▶ What you need to do
Copy out the records in full, word for word, without pictures.
BEGIN
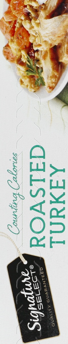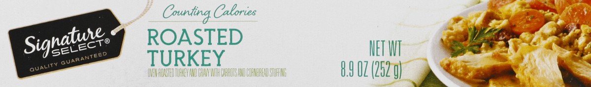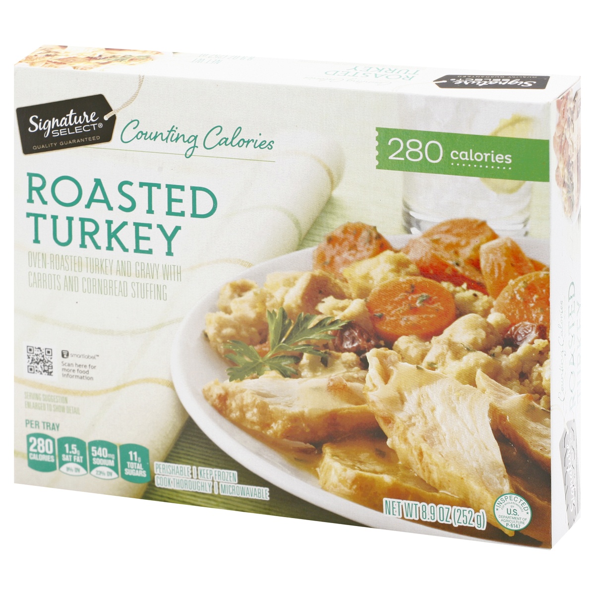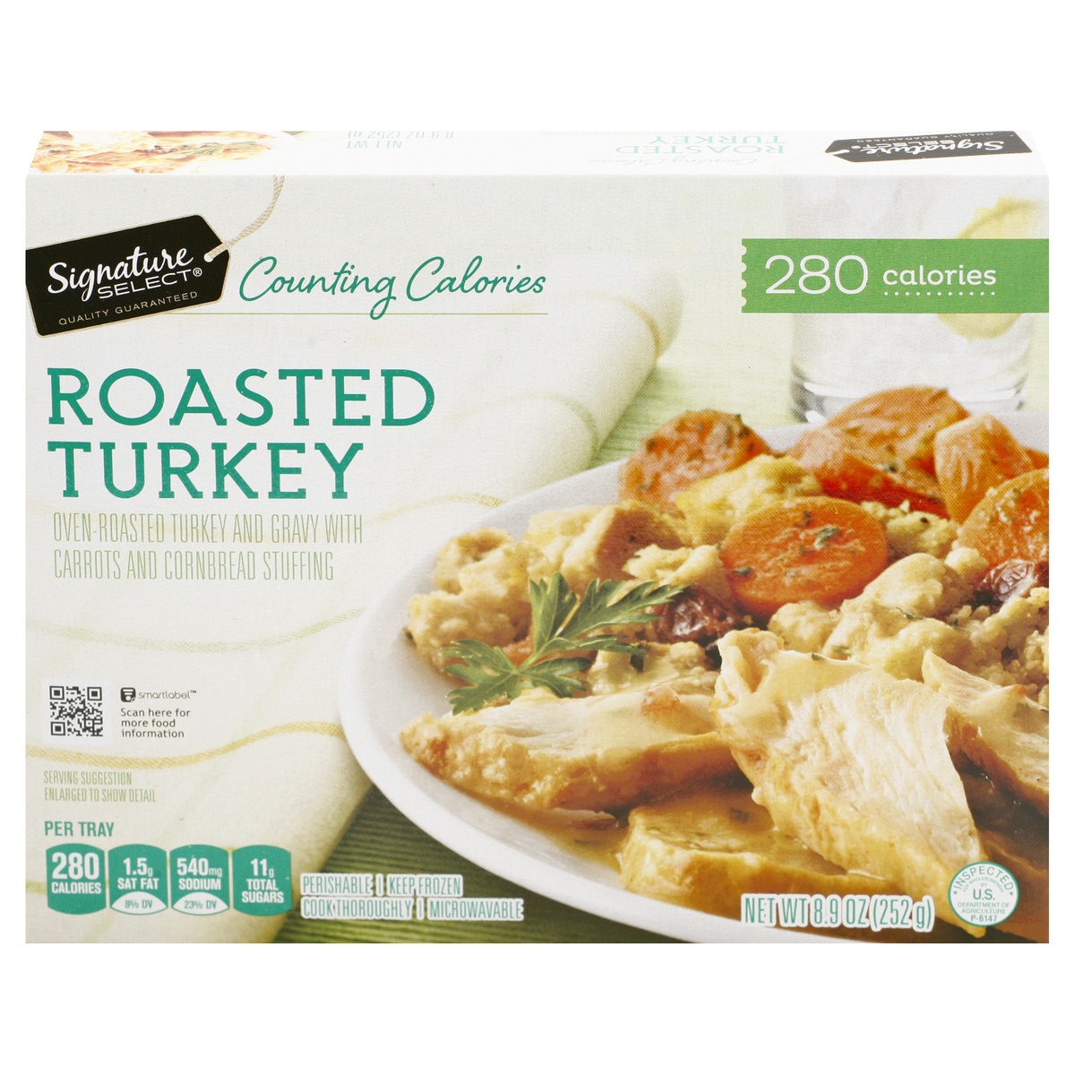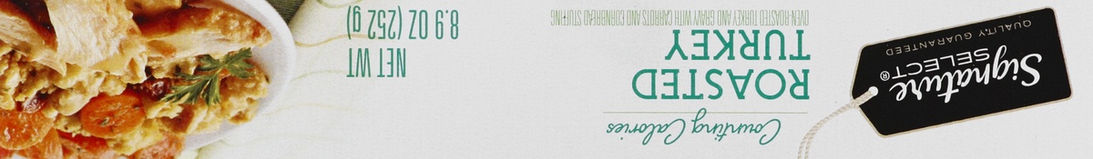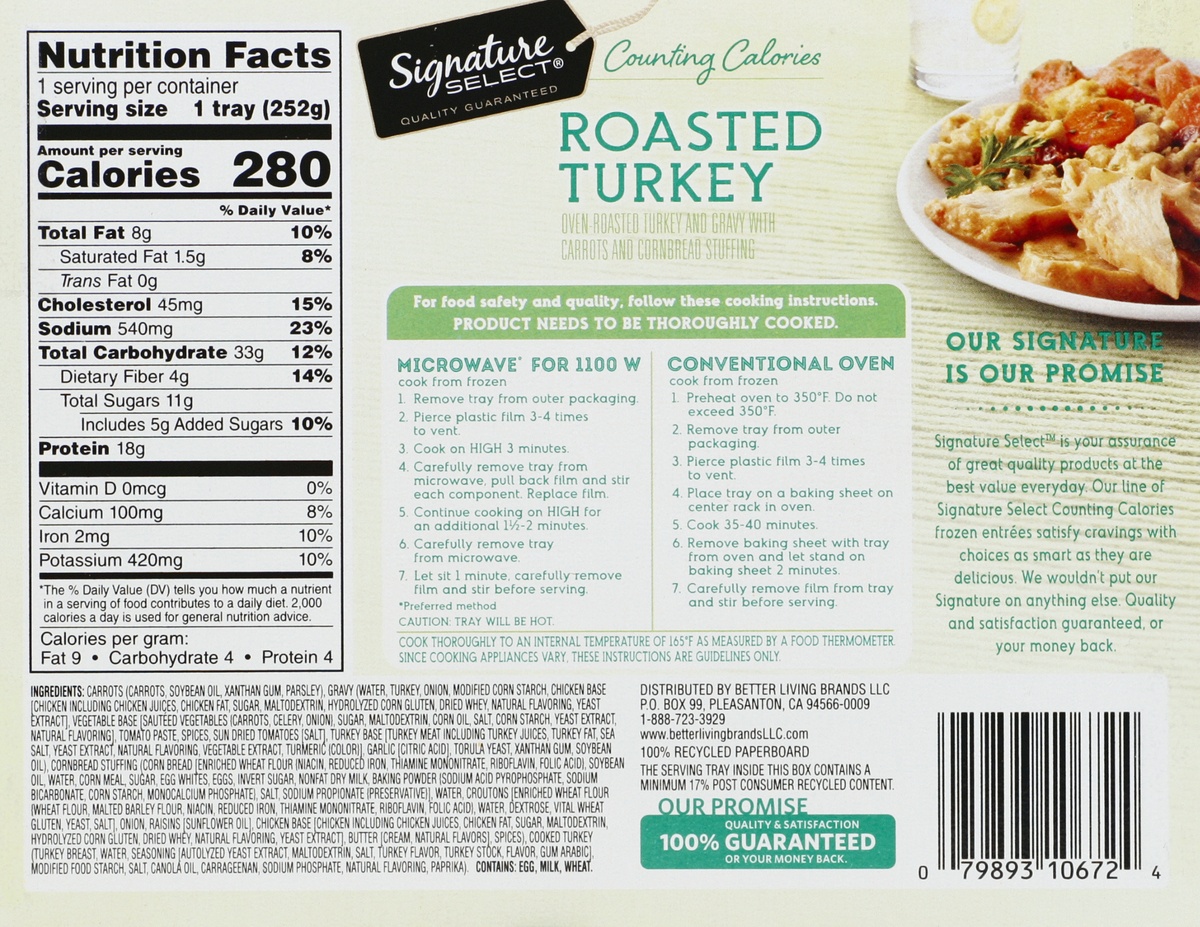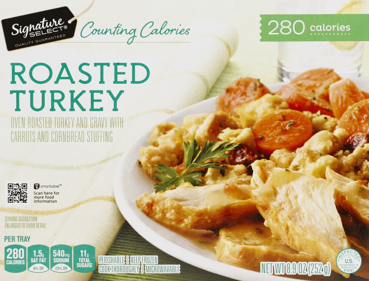 Oven roasted turkey and gravy with carrots and cornbread stuffing. Per Tray: 280 calories; 1.5 g sat fat (8% DV); 540 mg sodium (23% DV); 11 g total sugars. Microwaveable. Our Signature is our Promise…
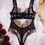 Monica Conjunto De Lencería En Malla Elegante Con Bordado Floral Y Detalles Recortados
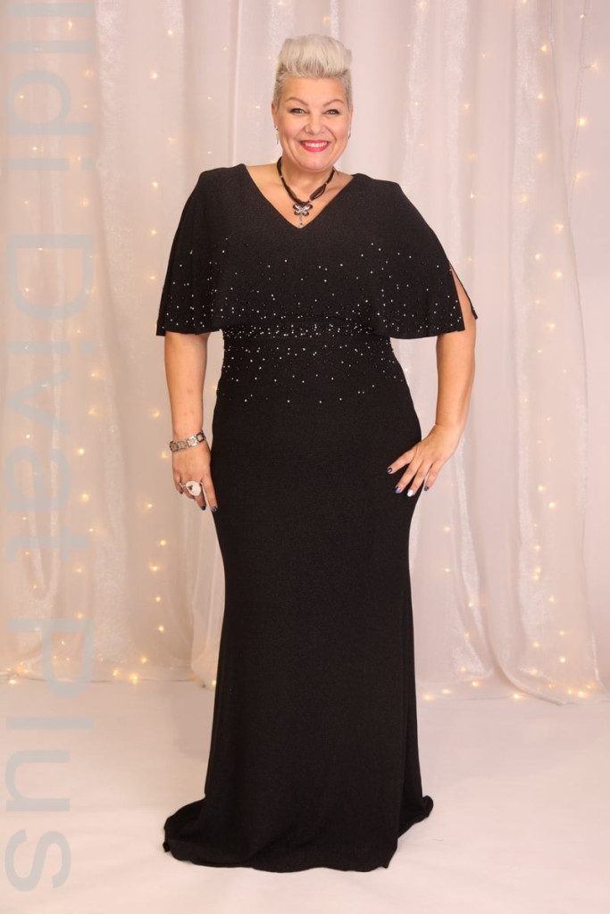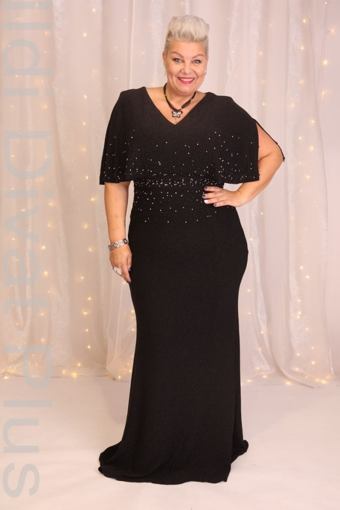 Favana fekete-ezüst köves gyöngyös csillogós derekán szabott alkalmi maxi ruha.
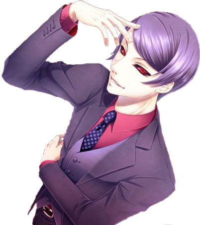 紫の髪に特徴的な眼を持っていて顔はイケメン
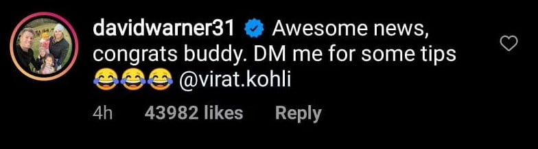 David Warner congratulated Virat Kohli in the comments box of his Instagram post. Mentioning the fantastic news before hilariously asking Virat to message him for some tips. Warner has three kids and all of them are daughters.
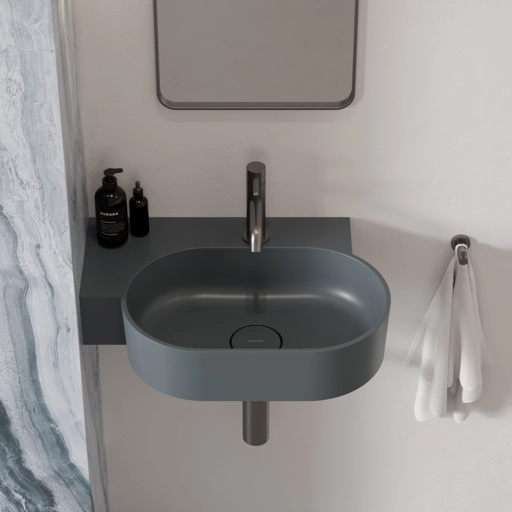Omnires OVO M+ umywalka nablatowa/wisząca - lewa 55 x 38 cm szary mat
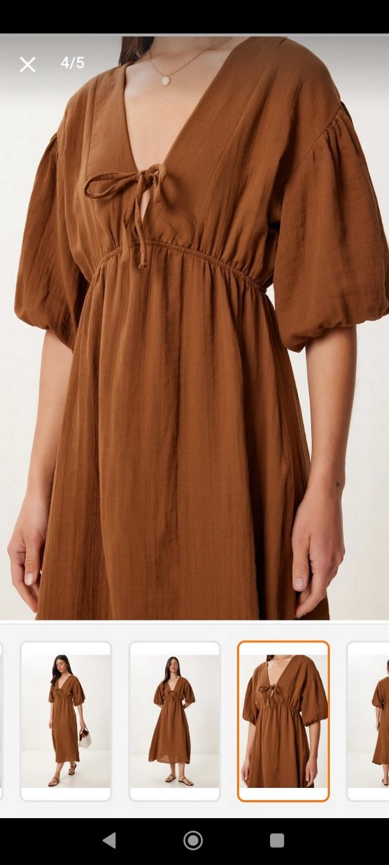 Yumuşak keten kumaştan, V yakalı, kısa ve drapeli kollu, bol kesim kahverengi midi elbise, günlük kullanım için uygundur.
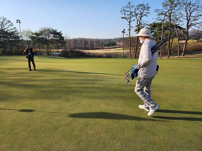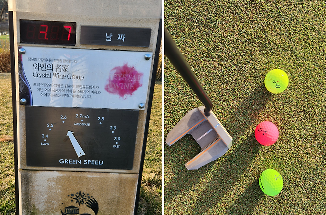 7시 반쯤 티업 시간에 아직 그린이 약간 얼어있었습니다. 덕분에 2.6미터 속도는 안 나오고 23~2.4로 더 느렸습니다. 물론, 후반에 날씨가 풀리니 속도가 약간 다시 빨라지네요.
END
▶ Task solution
 Oven roasted turkey and gravy with carrots and cornbread stuffing. Per Tray: 280 calories; 1.5 g sat fat (8% DV); 540 mg sodium (23% DV); 11 g total sugars. Microwaveable. Our Signature is our Promise…
 Monica Conjunto De Lencería En Malla Elegante Con Bordado Floral Y Detalles Recortados
 Favana fekete-ezüst köves gyöngyös csillogós derekán szabott alkalmi maxi ruha.
 紫の髪に特徴的な眼を持っていて顔はイケメン
 David Warner congratulated Virat Kohli in the comments box of his Instagram post. Mentioning the fantastic news before hilariously asking Virat to message him for some tips. Warner has three kids and all of them are daughters.
Omnires OVO M+ umywalka nablatowa/wisząca - lewa 55 x 38 cm szary mat
 Yumuşak keten kumaştan, V yakalı, kısa ve drapeli kollu, bol kesim kahverengi midi elbise, günlük kullanım için uygundur.
 7시 반쯤 티업 시간에 아직 그린이 약간 얼어있었습니다. 덕분에 2.6미터 속도는 안 나오고 23~2.4로 더 느렸습니다. 물론, 후반에 날씨가 풀리니 속도가 약간 다시 빨라지네요.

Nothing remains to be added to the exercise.